**Directions**
Starting at the line with "Como cierre de" and ending at the line with "Brown Electric PU", print exactly the lines of the entries below. Pictures do not belong in the copy.
(Information given begins)
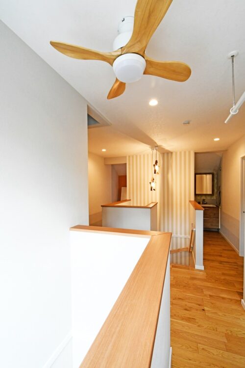 ▲吹抜けの上は色や材質が統一された素敵な空間
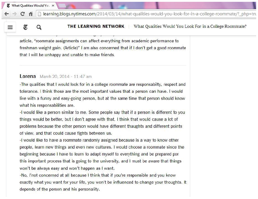 Como cierre de esta etapa, anexo el escrito de una de mis estudiantes que fue publicado por el Learning Network del The New York Times, en marzo del 2014. La estudiante 5 tuvo que seguir los parámetros de publicación que ellos tenían y debía dar respuesta a los temas que planteaban. La herramienta virtual le permitió a la estudiante ir más allá de los límites del salón de clases (ver el anexo 2).
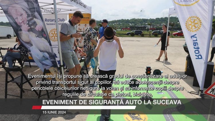 Rotary Club Suceava Cetate, în colaborare cu Fundația Siguranța Auto, Crucea Roșie Română filiala Suceava și specialistul Anca Nicoară, organizează un eveniment dedicat siguranței auto. Între orele 10:00 și 16:30, pe esplanada Casei de Cultură Suceava, participanții vor beneficia de consultanță, testări și instalări de scaune auto pentru copii, demonstrații de prim ajutor, simulări de impact frontal, trasee cu percepție vizuală deformată și scenarii VR.
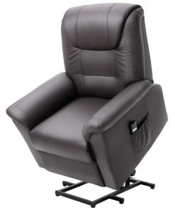 Brown Electric PU Leather Power Lift Chair with Remote Control & Side Pockets
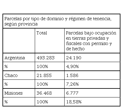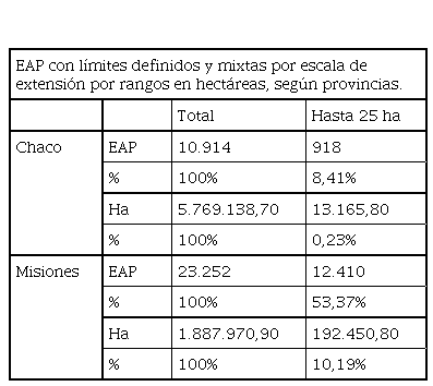 En el NEA, aunque se hayan perdido alrededor de 10.000 EAP en su totalidad menores a 50 ha entre 1988-2002 (Slutzky, 2014), las EAP familiares representan el 92% de las EAP totales de la región (Obschatko et. al, 2007). Esta región concentra situaciones problemáticas de tenencia de tierra, Slutzky (2014) lo explica a partir de la información del CNA 2002 sobre tierras -privadas o fiscales- bajo “ocupación” –con o sin permiso– que, mientras en el país eran el 7,6% de las EAP con límites definidos, en el NEA representaban el 17%.
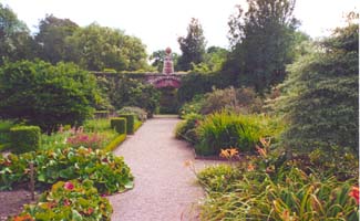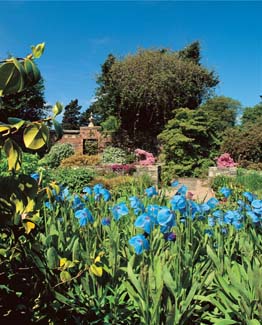 Beside the arched gateway there is a silver and blue garden and although the grid of paths is formal the planting is eclectic, with a mix of shrubs, trees, bulbs and herbaceous plants. There are unexpected carpets of the autumn crocus, corners where Southern hemisphere plants like agapanthus varieties flourish - and, among the more spectacular sights to be seen, are the summer displays of snowy hoheria flowers, drifts of azure meconopsis in the shady borders and showy magnolias.
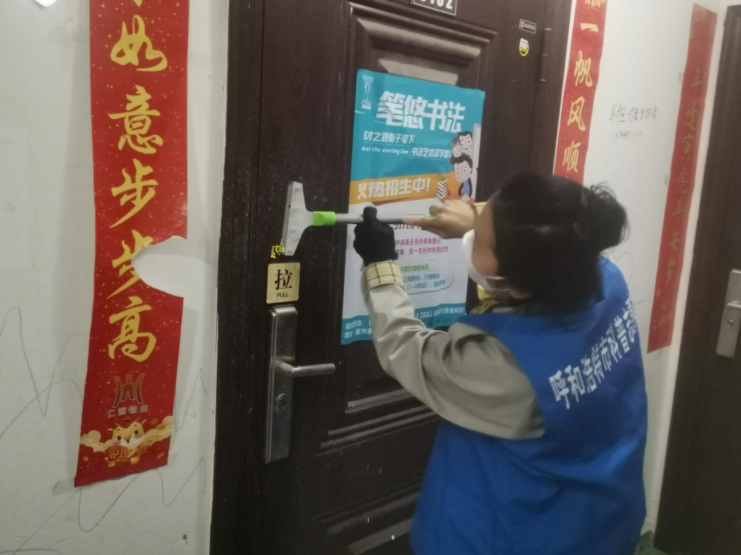 活动中,志愿者们积极发挥奉献精神,首先做好自身防护,紧接着开展热火朝天的工作,不怕脏、不怕累,拿着铲子、喷壶等工具,对单元楼、墙面、楼梯扶手上的小广告进行逐一清除,居民们看到后也深受感染,纷纷搭手帮忙,大家热情洋溢,干劲十足。
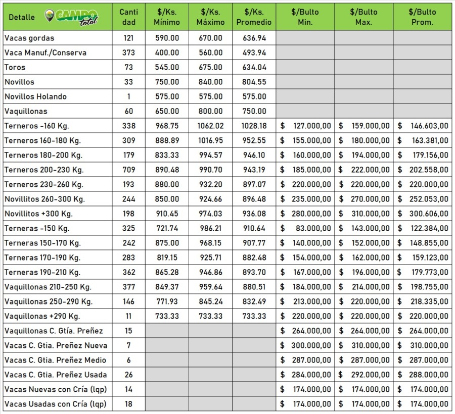 Categorías: Gordo – Invernada – Cría
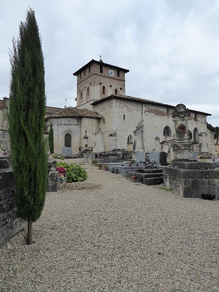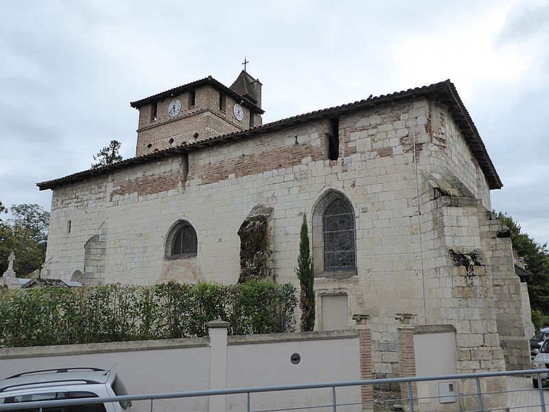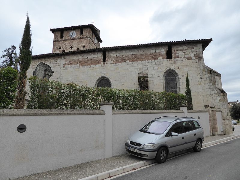 L'église, déjà existante au XIe siècle, fut donnée aux moines de Moissac et consacrée en 1052. Vers 1135, l'abbaye devint propriétaire définitif des biens dépendant de l'église de Pommevic, laquelle fut érigée au XIIIe siècle en chef-lieu de prieuré. L'édifice actuel réunit des éléments de différentes époques. Le plus ancien est le chœur : son abside est voûtée en cul-de-four et une petite travée de chœur, délimitée par un doubleau et ses dosserets, est couverte d'un berceau légèrement brisé; ces voûtes appartiennent à la première construction. Les deux arcades de la travée du clocher présentent des chapiteaux sculptés de feuillages et d'animaux. Le mur de clôture sud date de l'édifice du XIe siècle, tandis que le mur nord a été remplacé par deux grandes arcades qui divisent la partie inférieure de la nef en deux travées. D'après des travaux historiques, la nef a été partiellement reconstruite et un second vaisseau lui a été ajouté au début du XVIe siècle. Le clocher, tour carrée du début du XIVe siècle, fut fortifié au cours des guerres de Religion. Les vitraux, signés Saint-Blanca (1887, 1888) et Henri Feur (1896), ont été datés par des études historiques.
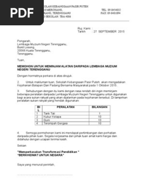 Surat Pinjam Peralatan Di Muzium 2015
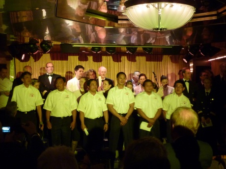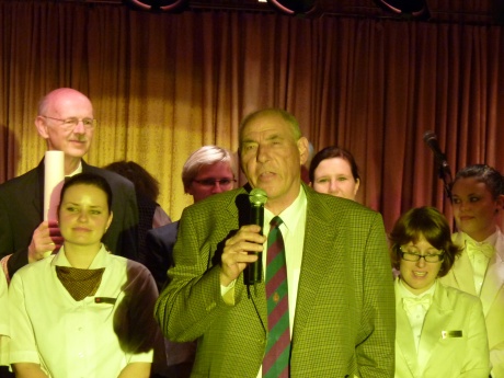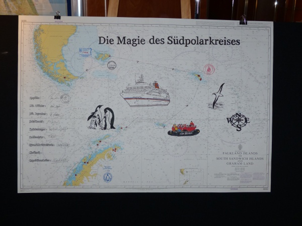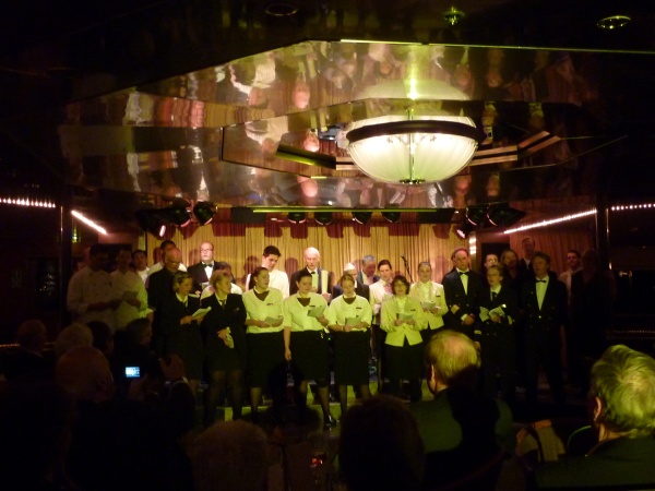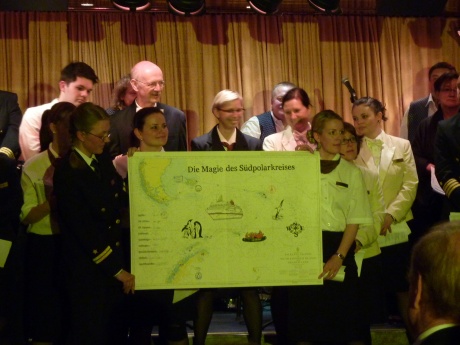 Danach ging es in die Explorer Lounge zum Hanseatic Chor und der Versteigerung der Seekarte. Selbst der Expeditionsleiter David Fletcher griff zum Mikrofon.
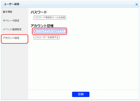 ※自分をモバイルアプリからログアウトさせる場合は、メニューの[個人設定]から操作することができます。(上記権限のないユーザーも可能)
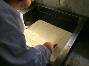 75度の豆乳ににがりを入れ分解してきたら豆腐箱移し、5キロのおもしをのせて10分おくと固まりました。
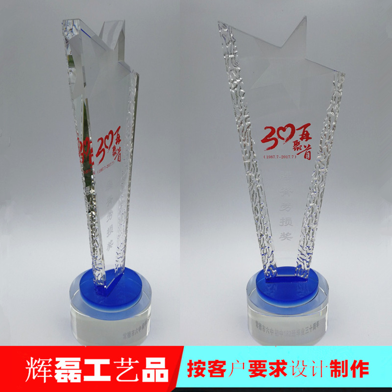在制作過程中,K9水晶獎杯定做廠家采用先進的工藝技術,嚴格把控每一個生產環節。他們精選高質量的K9水晶材料,經過精細的切割、打磨和拋光,使得每一個獎杯都呈現出的光澤和質感。同時,他們還根據客戶的需求,進行個性化的雕刻和定制,讓獎杯更具紀念意義。
(Information given ends)
**Answer to this problem**
 Como cierre de esta etapa, anexo el escrito de una de mis estudiantes que fue publicado por el Learning Network del The New York Times, en marzo del 2014. La estudiante 5 tuvo que seguir los parámetros de publicación que ellos tenían y debía dar respuesta a los temas que planteaban. La herramienta virtual le permitió a la estudiante ir más allá de los límites del salón de clases (ver el anexo 2).
 Rotary Club Suceava Cetate, în colaborare cu Fundația Siguranța Auto, Crucea Roșie Română filiala Suceava și specialistul Anca Nicoară, organizează un eveniment dedicat siguranței auto. Între orele 10:00 și 16:30, pe esplanada Casei de Cultură Suceava, participanții vor beneficia de consultanță, testări și instalări de scaune auto pentru copii, demonstrații de prim ajutor, simulări de impact frontal, trasee cu percepție vizuală deformată și scenarii VR.
 Brown Electric PU Leather Power Lift Chair with Remote Control & Side Pockets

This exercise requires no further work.